In order to mitigate the shared-cache interference, concurrently running tasks must be allocated with non-overlapped cache areas. Recall that resources are dis- tributed hierarchically in virtualization systems: a type of hardware resource (say CPU resource) is first distributed to VMs by the hypervisor and then redistributed to tasks by OS in VMs. Observing that cache is not managed in virtualization systems,
we need to establish a hierarchical cache allocation framework in order to allocate non-overlapped cache areas for tasks in virtualization systems.

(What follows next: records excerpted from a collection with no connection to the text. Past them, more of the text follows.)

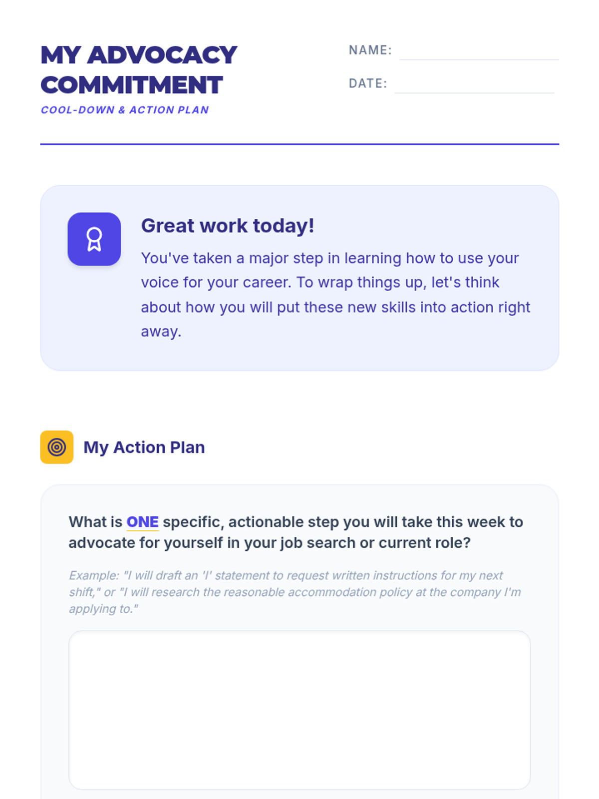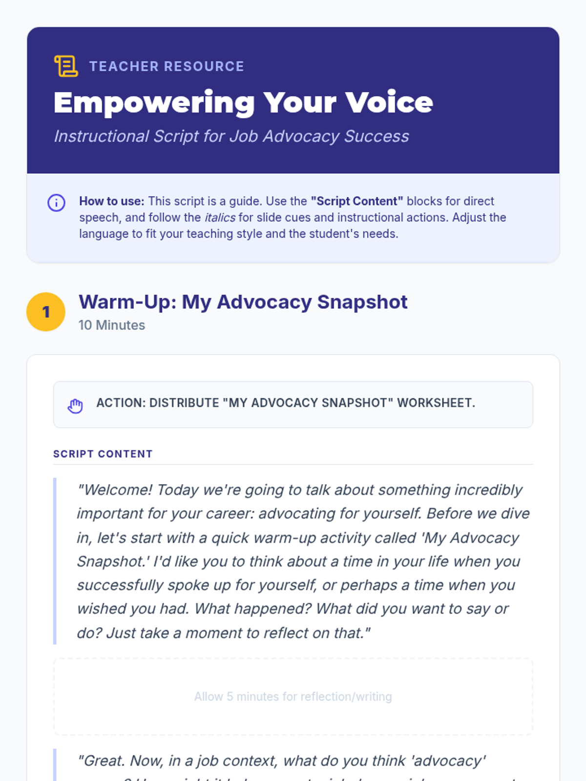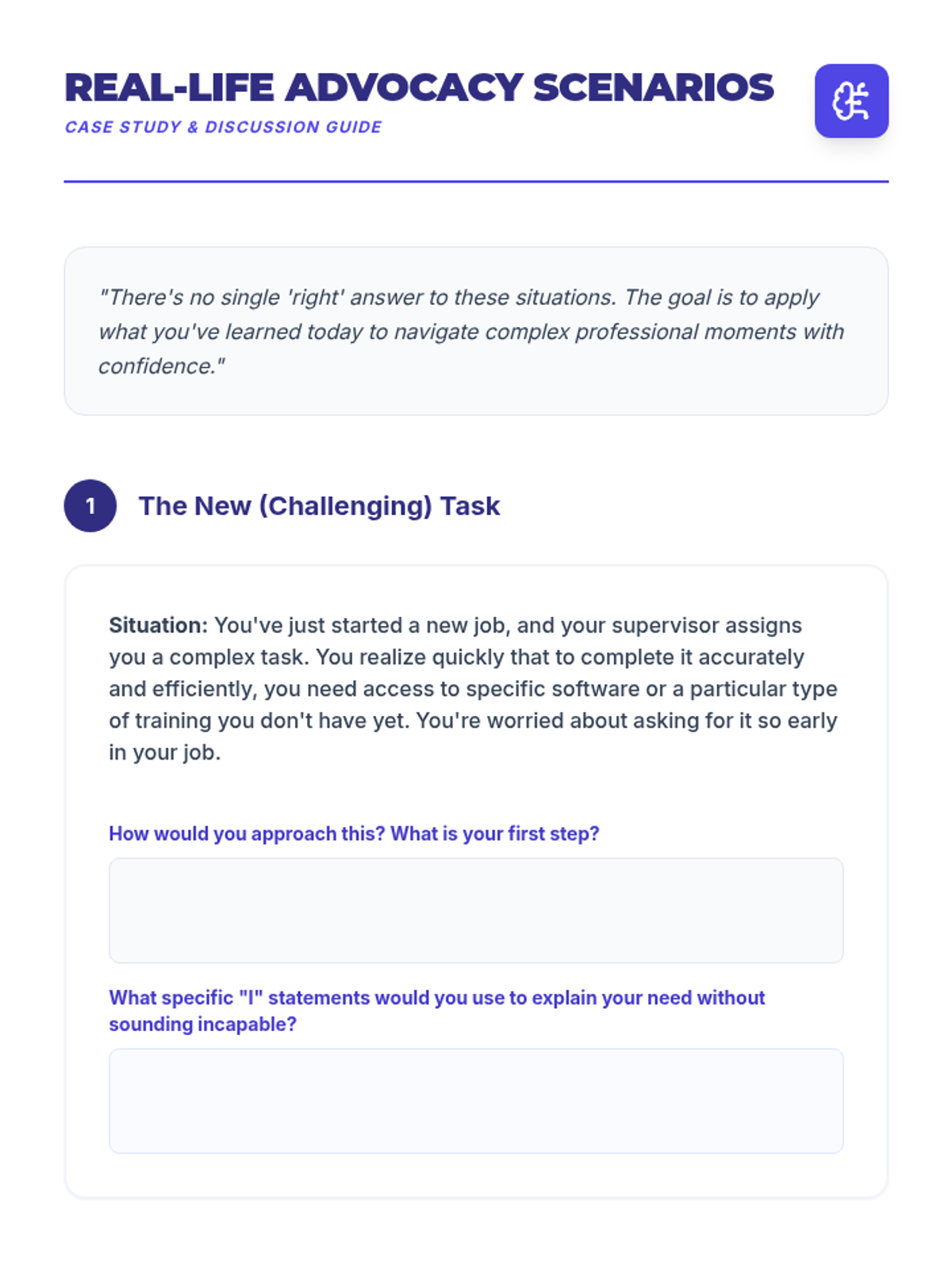 A high-energy, 30-minute coaching session focused on five critical self-advocacy scenarios. Includes role-play, visual aids, and practical toolkits for immediate application in real-world settings.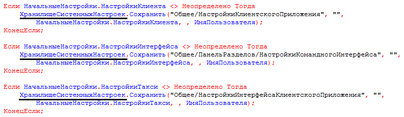 Благодаря способу, который мы описали выше, вы можете сохранять данные не в таблицах системы, а выбирать отдельные объекты конфигурации. Для того, чтобы реализовать такой механизм, программист использует специальные описанные алгоритмы, которые и отвечают за сохранение/восстановление настроек.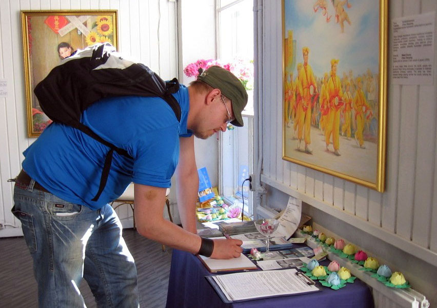 芬兰法轮功学员在首都赫尔辛基举办真善忍国际美术展 图为看完画展的观众签名呼吁制止中共迫害法轮功2006-6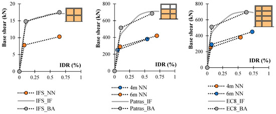 The same principle was used for Patras and EC8 buildings. Obtained results are presented in Figure 15 and Table 14. It can be concluded that proposed bilinear Equations (7)–(10) can be used for both uniformly and non-uniformly distributed infilled frames. For the Patras frame, MRE was 8% and for EC8 frame error was 7%.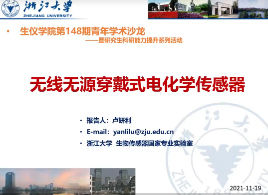 2021年11月19日下午,生仪学院第148期青年学术沙龙暨研究生科研能力提升系列活动在线上线下如期举行,特邀请主讲人德赢AC米兰中国官方网站生仪学院卢妍利博士,作了题为“无线无源穿戴式电化学传感器”学术报告。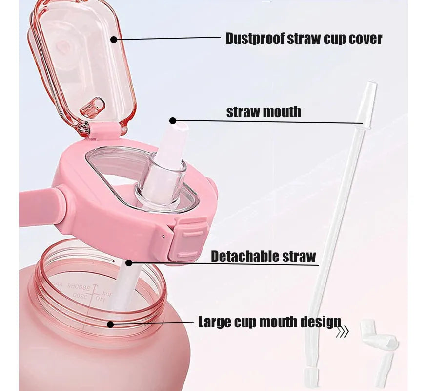Mantente hidratado: Con citas de inspiración únicas y marcador de tiempo y escala de capacidad, la botella con correa de transporte es ideal para medir tu ingesta diaria de agua, te ayuda a mantenerte hidratado y beber suficiente todo el día. Mango duradero y agarre antideslizante que te ayudan a llevar una botella de agua grande para hacer deporte más fácilmente.

Recent work has developed a hierarchical cache allocation framework for allo- cating non-overlapped cache areas for tasks in virtualization systems using page coloring (e.g., [75, 37]); however, it is restricted to static cache partitioning, where a fixed set of partitions is statically assigned to each task at initialization. While this approach is simple and easy to implement, it can substantially under-utilize the cache and CPU resources, and it does not work well for systems where the tasks’ timing constraints and CPU/cache demands vary dynamically at run time, such as in multi-mode systems (as we shall illustrate in Section 5.4.4).

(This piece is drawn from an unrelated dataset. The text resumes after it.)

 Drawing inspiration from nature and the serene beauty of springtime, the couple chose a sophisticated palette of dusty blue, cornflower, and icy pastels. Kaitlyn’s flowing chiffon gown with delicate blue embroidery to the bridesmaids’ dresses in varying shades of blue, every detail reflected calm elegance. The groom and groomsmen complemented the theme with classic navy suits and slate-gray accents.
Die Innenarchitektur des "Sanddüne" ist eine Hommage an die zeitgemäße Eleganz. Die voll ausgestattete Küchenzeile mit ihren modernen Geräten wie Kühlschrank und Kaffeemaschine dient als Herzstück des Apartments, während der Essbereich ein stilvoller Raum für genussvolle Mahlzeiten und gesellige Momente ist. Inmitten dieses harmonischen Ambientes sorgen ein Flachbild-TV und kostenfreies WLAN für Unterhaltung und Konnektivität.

To bridge this gap, we present a new approach to cache management of real-time virtualization systems that can deliver strong (shared) cache isolation at both VM and task levels, and that can be configured for both static and dynamic allocations. Unlike existing work, which is software-based, our approach takes advantage of the Cache Allocation Technology (CAT), a hardware feature recently added in Intel multicore hardware for achieving core-level cache partitioning; therefore, it is much more efficient than software-based techniques. Since CAT only provides core-level cache isolation, we introduce vCAT, a novel design for CAT virtualization that can be used to achieve hypervisor- and VM-level cache allocations. Our approach to virtualizing cache partitions is analogous to memory virtualization: as the hardware provides a number of (indistinguishable) physical partitions, we can expose some number of “virtual partitions” to each VM and then transparently map them to physical partitions in the hypervisor; each VM can then allocate its virtual partitions to its tasks statically or dynamically at runtime.